Base and bound registers constitute the minimum protection system.

Virtual Memory offers a more fine-grained alternative.

Processes have their own page tables, which they cannot modify themselves.

Permission flags are provided with each segment or page.

Concentric rings of security and capability lists are more fined-grained alternatives, allowing more than two levels of protection.

The OS course discusses these in detail.

Effects of CPU design on memory hierarchy

Superscalar & vector execution

A superscalar or vector machine may fetch several words per cycle.

Clearly, the memory system must deliver the bandwidth to handle this, otherwise the benefit is lost.

The brunt of the load falls upon the L1 cache.

Bandwidth can be increased by widening the path to the cache or by providing extra ports to the cache.

However, cache access is often the bottleneck in modern CPUs.

Speculative execution

Speculative execution and conditional instructions may generate invalid addresses that would not occur otherwise.

The memory system must recognize and suppress these exceptions.

Similarly, it must not stall the cache on a miss caused by a speculative instruction.

Effects of CPU design on memory hierarchy

I/O and cache consistency

I/O devices move data from peripherals to memory.

This has two pitfalls:

Data written into memory is not automatically updated in the cache.
Data in a writeback cache is not written to memory immediately so memory has stale data.

One solution is to flush blocks from the cache that are used in the I/O operation.
This is done:

Before the I/O for a write (so the write operation uses up-to-date information).
After the I/O for the read (before the I/O should work as well.

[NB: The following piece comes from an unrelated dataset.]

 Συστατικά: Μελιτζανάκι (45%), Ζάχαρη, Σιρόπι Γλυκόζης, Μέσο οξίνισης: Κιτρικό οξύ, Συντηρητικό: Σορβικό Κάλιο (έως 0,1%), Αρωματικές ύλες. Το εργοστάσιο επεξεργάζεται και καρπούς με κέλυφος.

The CPU should not access the data as it is being read into memory).

An alternate method is simply to mark the blocks from I/O buffers as uncacheable .

Effects of CPU design on memory hierarchy

I/O and cache consistency

Other solutions include:

Watch the I/O buses for addresses in the tag.

This eliminates the consistency problem.
The drawback is that the checking slows down the cache.

Do I/O directly into the cache.

This method guarantees consistency but it slows down the cache since both the CPU and I/O access it.

Moreover, it displaces data in the cache with new data that is unlikely to be accessed soon by the CPU.

Fallacies and Pitfalls

Don't predict cache performance of program A from program B .

Programs vary widely in how they use cache.

A scientific program may have a small tight code loop but access large quantities of data.

On the other hand, a word processing program might operate on relatively little data but use lots of code.

Simulate plenty of memory references .

A CPU executes 100 million or more instructions per second.

Simulating cache behavior using traces of only a few million traces can be misleading.

Particularly since program locality behavior is not constant over the run of the entire program.

Don't ignore the OS.

The OS can miss or interfere with application programs, causing misses.